Segment Start: SUPPLIED MATERIAL

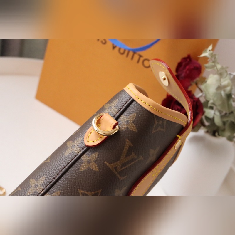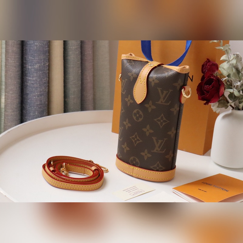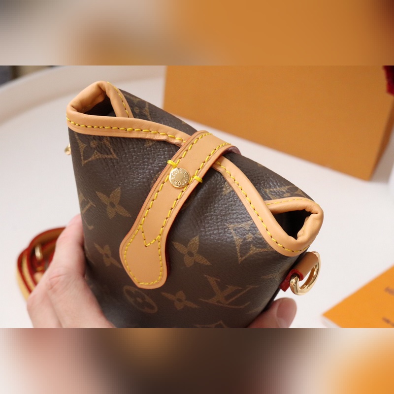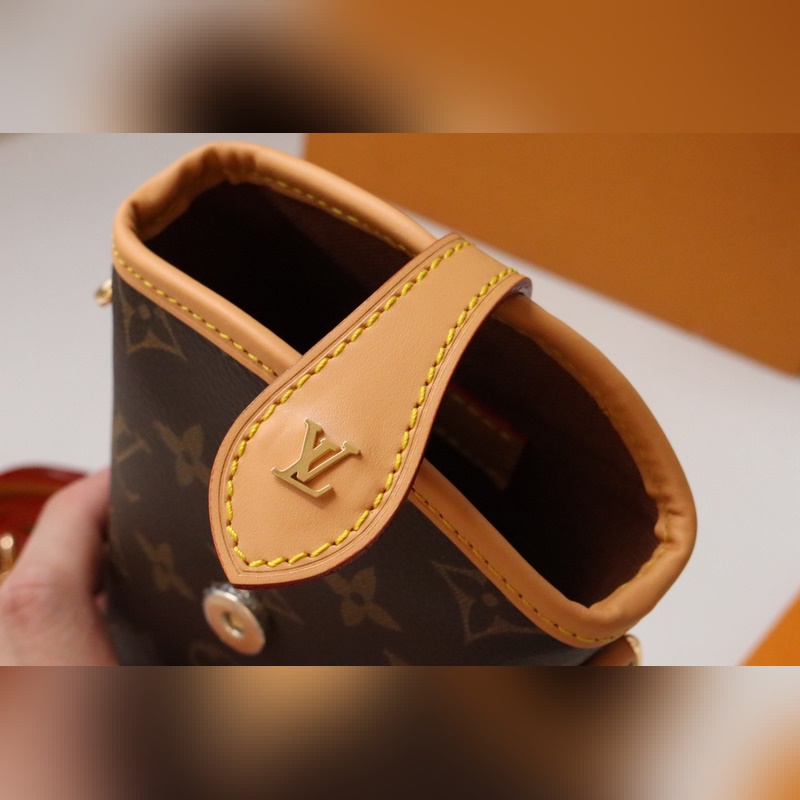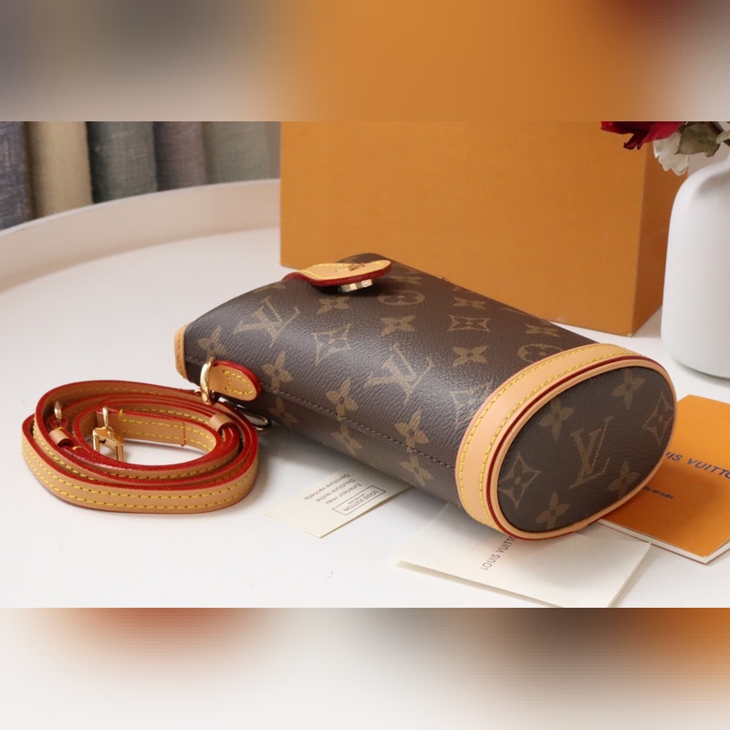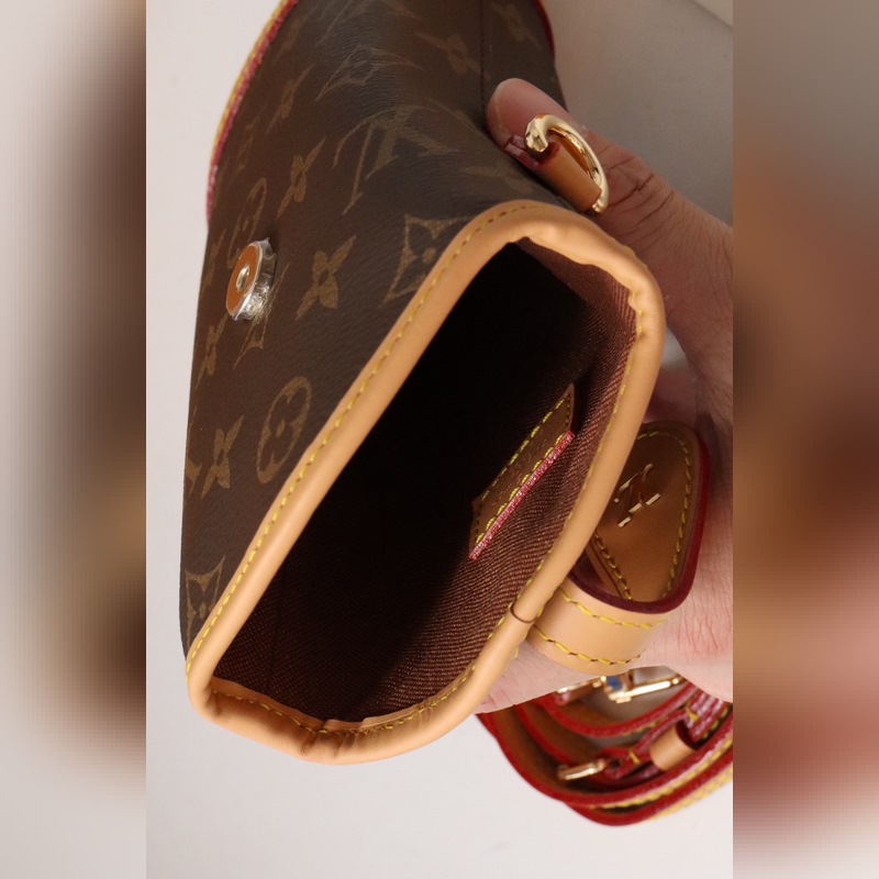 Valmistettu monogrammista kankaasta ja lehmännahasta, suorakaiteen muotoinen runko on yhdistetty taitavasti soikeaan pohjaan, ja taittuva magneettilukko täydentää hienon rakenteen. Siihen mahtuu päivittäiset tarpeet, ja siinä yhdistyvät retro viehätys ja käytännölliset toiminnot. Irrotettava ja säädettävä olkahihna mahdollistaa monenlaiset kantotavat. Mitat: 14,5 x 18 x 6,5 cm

Segment End: SUPPLIED MATERIAL
Segment Start: SUPPLIED MATERIAL

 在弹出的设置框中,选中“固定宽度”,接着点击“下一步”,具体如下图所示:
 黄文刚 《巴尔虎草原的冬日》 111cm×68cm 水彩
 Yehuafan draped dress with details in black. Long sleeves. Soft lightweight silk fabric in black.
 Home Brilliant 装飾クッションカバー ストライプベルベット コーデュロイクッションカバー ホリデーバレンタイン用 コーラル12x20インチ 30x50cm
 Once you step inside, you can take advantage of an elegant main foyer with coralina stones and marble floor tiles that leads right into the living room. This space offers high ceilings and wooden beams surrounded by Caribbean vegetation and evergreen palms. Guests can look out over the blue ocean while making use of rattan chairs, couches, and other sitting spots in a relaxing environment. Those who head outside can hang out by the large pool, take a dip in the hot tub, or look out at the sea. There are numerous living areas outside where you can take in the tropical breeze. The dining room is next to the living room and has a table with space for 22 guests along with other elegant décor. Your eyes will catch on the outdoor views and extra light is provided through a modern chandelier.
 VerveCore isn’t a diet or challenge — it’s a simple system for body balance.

Segment End: SUPPLIED MATERIAL

→ EXERCISE REQUIREMENTS:
Reproduce exactly, and only, the part of the listing above that begins at the line with "Yehuafan draped dress" and goes on through the line with "Home Brilliant 装飾クッションカバー".

→ WRITTEN RESPONSE:
 Yehuafan draped dress with details in black. Long sleeves. Soft lightweight silk fabric in black.
 Home Brilliant 装飾クッションカバー ストライプベルベット コーデュロイクッションカバー ホリデーバレンタイン用 コーラル12x20インチ 30x50cm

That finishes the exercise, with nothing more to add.